"This way of living is different from communism because...": The Ideological Control of
Scriptural Interpretations of Acts 4 in the Editorial Rhetorics of Popular Study Bibles
Dr. David Dault
Assistant Professor of Catholic Studies
Christian Brothers University
Memphis, TN
SECSOR 2012
It can be argued that, since the era of the 1950’s, marked as it was by the rise of Billy
Graham and the increasingly close alliance of Evangelical Christianity with figures of political
power, the face of American popular religion has had a distinct ideological bent. In Graham’s
sermons as well as in Presidential speeches, Communism was presented as the enemy and
antithesis of Christianity, and the Cold War was styled in peculiarly religious terms.
The contemporary phenomenon of the “Study Bible” has been deeply shaped, not only by
the Evangelical sentiments of the 1950s, but by the ideology of the Cold War. A careful reader
will find numerous examples of this ideology suffused throughout the notes and marginalia put
in place by editors and design committees.

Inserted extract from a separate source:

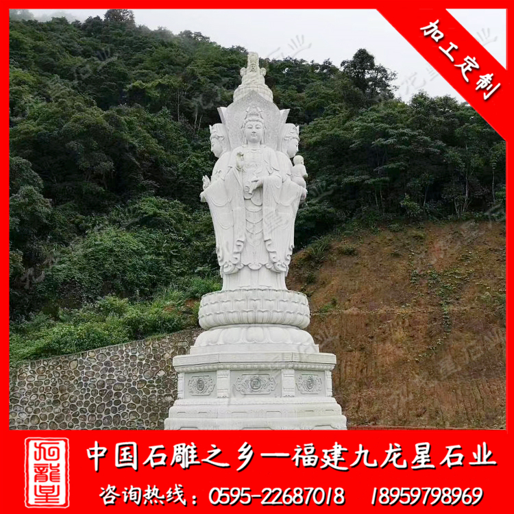 石雕觀音的制作材質(zhì)有許多,有漢白玉、大理石、花崗巖、青石等石材,其石材有著共同的特性,即不易磨損、不易腐蝕、抗風(fēng)化能力強、吸水性較低、保留時間長久。石雕觀音的大小樣式亦各不相同,即因人而異、因地制宜。石雕觀音的雕刻樣式有多樣,有送子觀音、兩面觀音、三面觀音,其雕刻的復(fù)雜程度決定石雕觀音加工過程中的技術(shù)要求的精湛,及精益求精。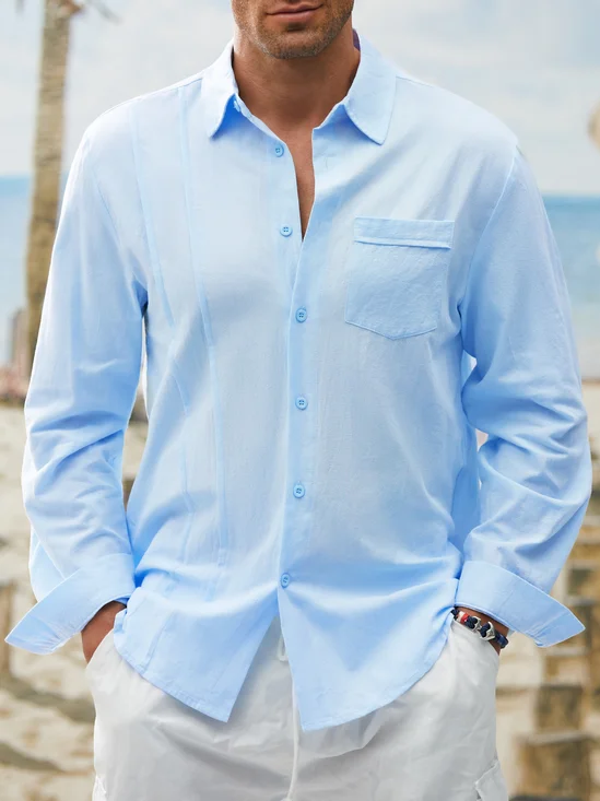 Cotton Linen Plain Color Casual Long Sleeve Shirt

The current world, however, has moved beyond the us-against-them polarities of the
Cold War, and into the increasingly complex political questions raised by globalization,
international recession, bank bailouts, and austerity measures imposed upon the middle and
working classes. A renewed conversation about the just and proper distribution of goods and
economic resources within “late capitalism” is taking place in both the halls of politics and in
many American churches. Americans have become increasingly polarized on the question of the
social goods that can be achieved by the “free market” system, and as a result some
(especially “Emergent”) Christians have begun to explore and even experiment with long-
suppressed options such as monastic communalism, charitable collectivism, voluntary poverty,
and Christian socialism.
As American clergy and laity return to wrestling with these questions, the vision of the
Apostolic church set forth in Acts 4:34-35 has become increasingly central. Especially in online
forums, from blogs to comments sections to facebook, the proper meaning and interpretation of
Acts 4, and the demands it places upon contemporary believers, has become a central issue for
how Christians are to proceed in the current economic tumult.

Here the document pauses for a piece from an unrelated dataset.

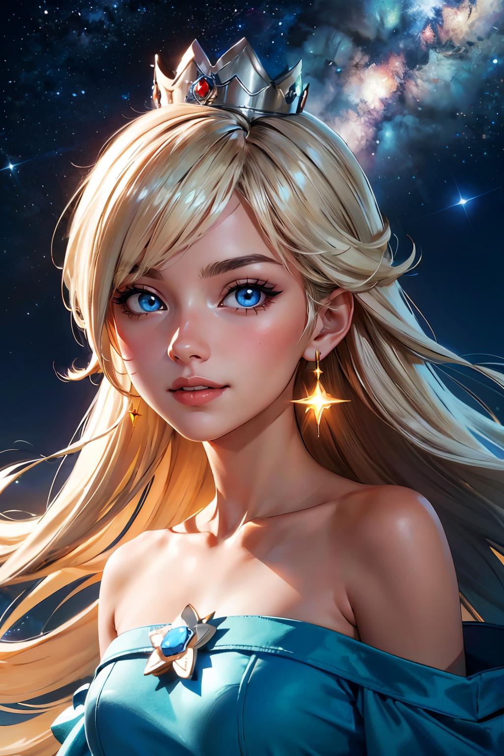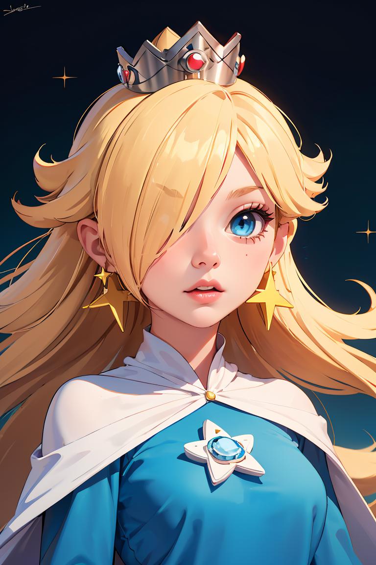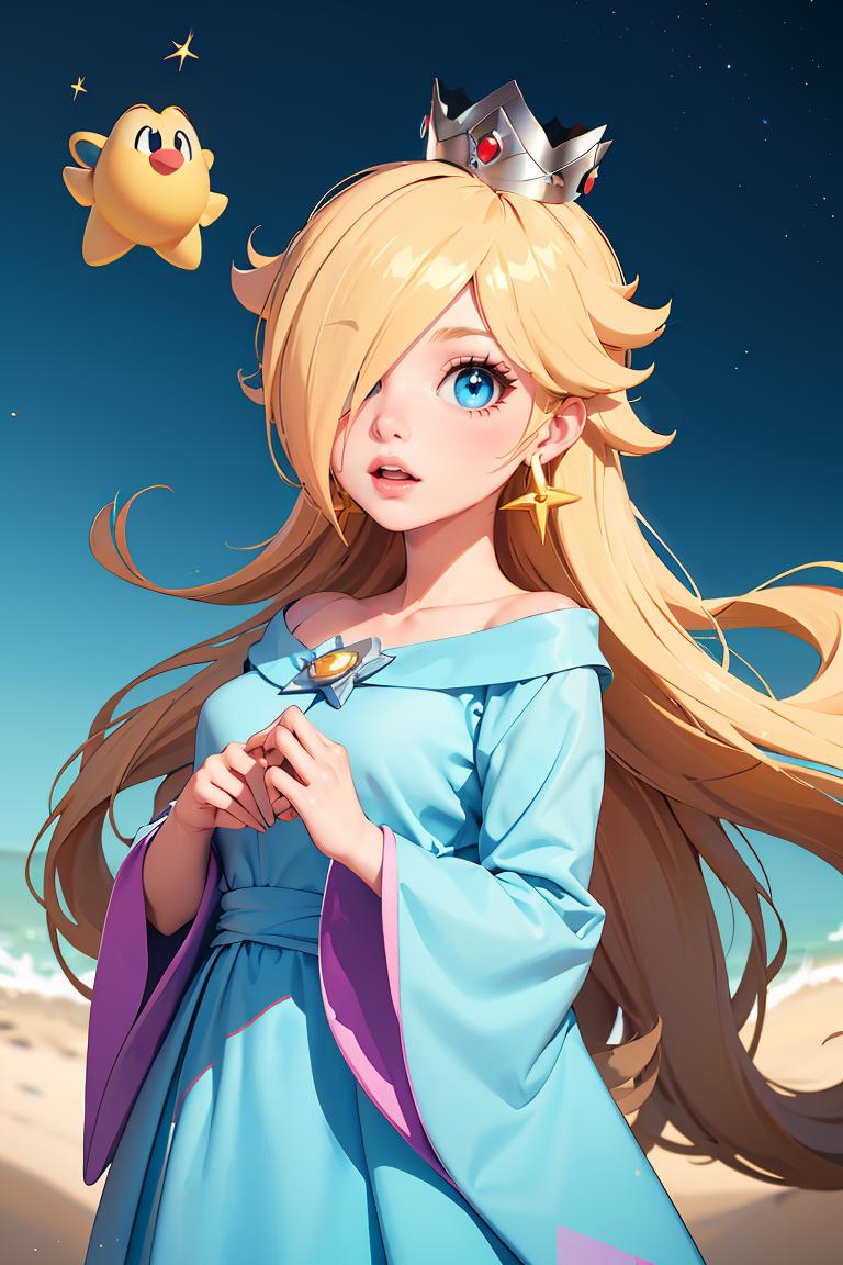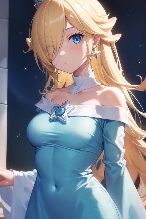 rosalina, blonde hair, blue eyes, hair over one eye, long hair,

This paper will look at two of the most popular and influential study Bibles in America
currently, The Life Application Study Bible and the Stewardship Study Bible, and analyze the
editorial rhetorics used to shape readers’ interpretation of the demands and possibilities offered
by Acts 4. It will be argued that, far from presenting a neutral clarification of the Scripture,
which authorizes readers to “judge for themselves,” these editorial emendations instead are
designed to exert a powerful though subtle ideological pressure, shaping and limiting the
theological imaginations of the audience. Arising from these observations, it will be suggested
that these sorts of ideological emendations are by no means accidental, but rather serve a specific
function within a wider political and economic arena, where Bible publishing occurs in a space
that is increasingly beholden to the interests of global capital, and less and less to “the Gospel,”
as that term has been traditionally understood.